Properties of length preserving linear transformations

3.6k Views Asked by At

Let $T:\mathbb{R}^n\rightarrow\mathbb{R}^n$ be a linear transformation that preserves length. That is $||T(x)||=||x||$ for all $x\in\mathbb{R}^n$.Then:

  • If $\langle x,y\rangle=0$ then $\langle T(x),T(y)\rangle=0$.
  • Show that columns of the matrix of $T$ in the standard basis of $\mathbb{R}^n$ are mutually orthogonal.

For the answer
I have attempted using the basic definition of inner product with the norm. That is $||v||^2=<v,v>$. Also with the Cauchy Schwarz inequality.
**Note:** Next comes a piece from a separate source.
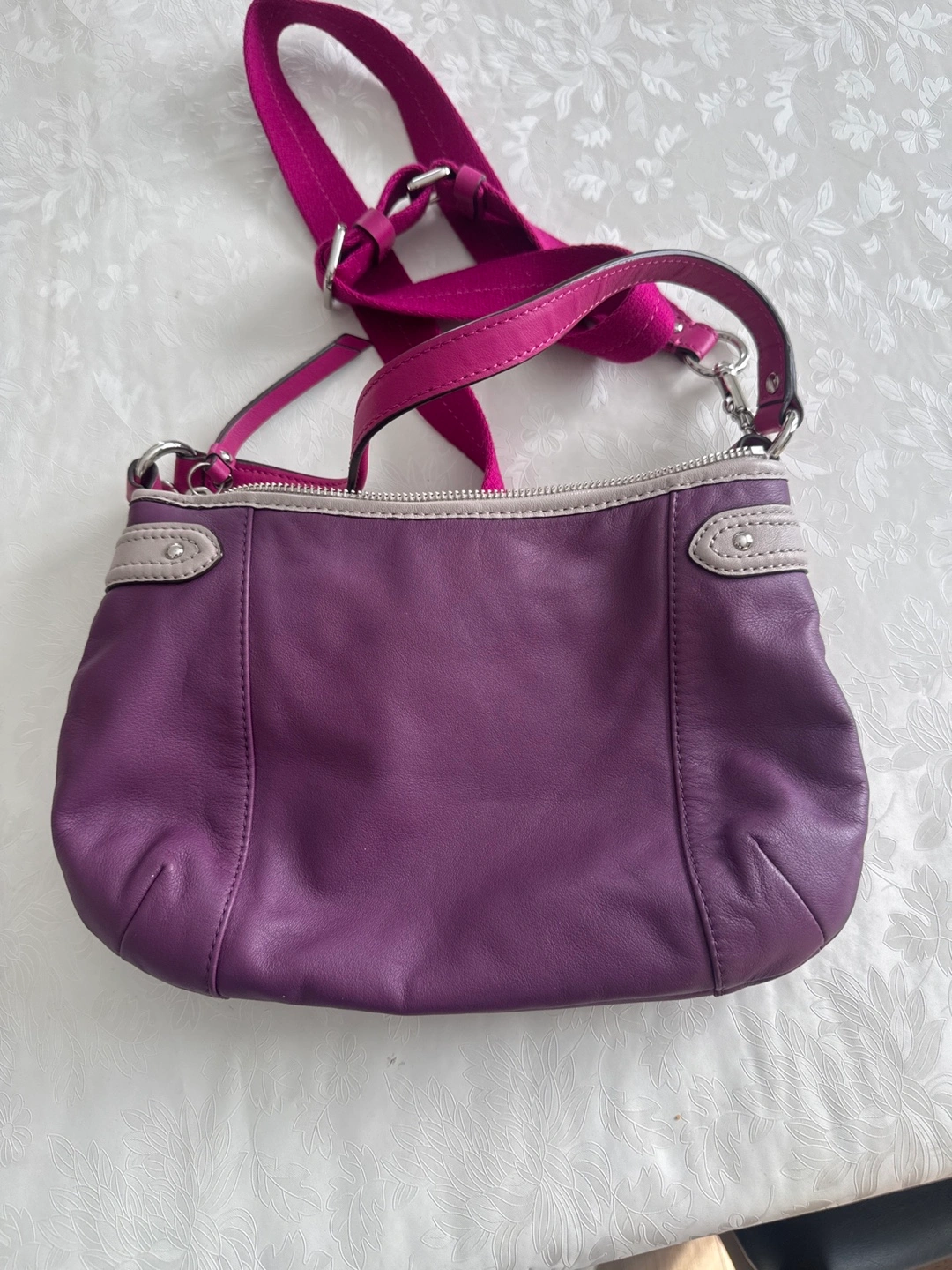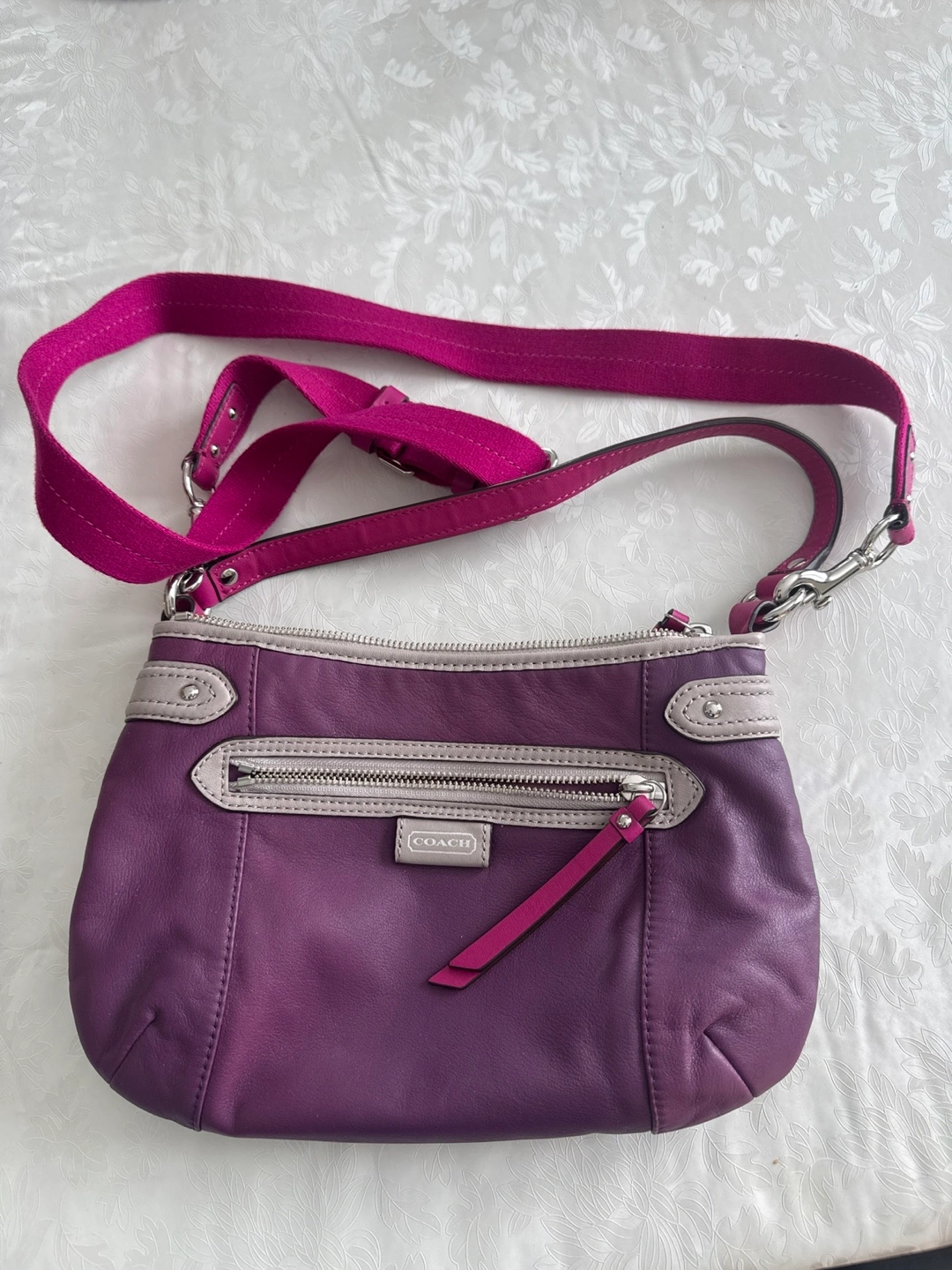 Pre-owned Coach crossbody bag. Purple leather exterior, grey accents. Zipper closure. Adjustable strap. Interior pockets. Excellent condition.

But couldn't make any progress.

3

There are 3 best solutions below

0
On BEST ANSWER

If

$\Vert T(z) \Vert = \Vert z \Vert, \; \forall z \in \Bbb R^n, \tag 1$

then

$\langle T(z), T(z) \rangle = \Vert T(z) \Vert^2 = \Vert z \Vert^2 = \langle z, z \rangle, \; \forall z \in \Bbb R^n, \tag 2$

so with

$z = x + y, \tag 3$

$\langle T(x + y), T(x + y) \rangle = \langle x + y, x + y \rangle; \tag 4$

now,

$\langle T(x + y), T(x + y) \rangle = \langle T(x) + T(y), T(x) + T(y) \rangle$ $= \langle T(x), T(x) \rangle + \langle T(x), T(y) \rangle + \langle T(y), T(x) \rangle + \langle T(y), T(y) \rangle, \tag 5$

and

$\langle x + y, x + y \rangle = \langle x, x, \rangle + \langle x, y \rangle + \langle y, x \rangle + \langle y, y \rangle; \tag 6$

we combine (4)-(6) and find

$\langle T(x), T(x) \rangle + \langle T(x), T(y) \rangle + \langle T(y), T(x) \rangle + \langle T(y), T(y) \rangle$ $= \langle x, x, \rangle + \langle x, y \rangle + \langle y, x \rangle + \langle y, y \rangle, \tag 7$

and using (2) with $z = x, y$ we write

$\langle T(x), T(y) \rangle + \langle T(y), T(x) \rangle = \langle x, y \rangle + \langle y, x \rangle, \tag 8$

and since for any $u, v \in \Bbb R^n$

$\langle u, v \rangle = \langle v, u \rangle, \tag 9$

we find that (8) yields

$2\langle T(x), T(y) \rangle = 2 \langle x, y \rangle, \tag{10}$

whence

$\langle T(x), T(y) \rangle = \langle x, y \rangle, \; \forall x, y \in \Bbb R^n, \tag{11}$

it now readily follows that

$\langle x, y \rangle = 0 \Longleftrightarrow \langle T(x), T(y) \rangle = 0; \tag{12}$

returning to (11), we also have

$\langle x, y \rangle = \langle T(x), T(y) \rangle = \langle x, T^TT(y) \rangle = \langle T^TT(x), y \rangle, \; \forall x, y \in \Bbb R^n, \tag{13}$

and thus we conclude that

$T^TT = TT^T = I; \tag{14}$

now if we write $T$ in columnar form

$T = \begin{bmatrix} \mathbf t_1 & \mathbf t_2 & \ldots & \mathbf t_n \end{bmatrix}, \tag{15}$

i.e., the vectors $\mathbf t_i$, $1 \le i \le n$, are the columns of $T$, then

$T^T = \begin{bmatrix} \mathbf t_1^T \\ \mathbf t_2^T \\ \vdots \\ \mathbf t_n^T \end{bmatrix}, \tag{16}$

that is, the rows of $T^T$ are the $\mathbf t_i^T$, then it follows from (14) that

$\begin{bmatrix} \mathbf t_i^T \cdot \mathbf t_j \end{bmatrix} = \begin{bmatrix} \mathbf t_1^T \\ \mathbf t_2^T \\ \vdots \\ \mathbf t_n^T \end{bmatrix} \begin{bmatrix} \mathbf t_1 & \mathbf t_2 & \ldots & \mathbf t_n \end{bmatrix} = T^TT = I, \tag{17}$

from which it is seen that

$ \mathbf t_i^T \cdot \mathbf t_j = \delta_{ij}, \; 1 \le i, j \le n, \tag{18}$

that is, the $\mathbf t_i$, the columns of $T$, are orthonormal vectors. $OE\Delta$.

0
On

Do you understand what it means for a set of vectors to be mutually orthogonal?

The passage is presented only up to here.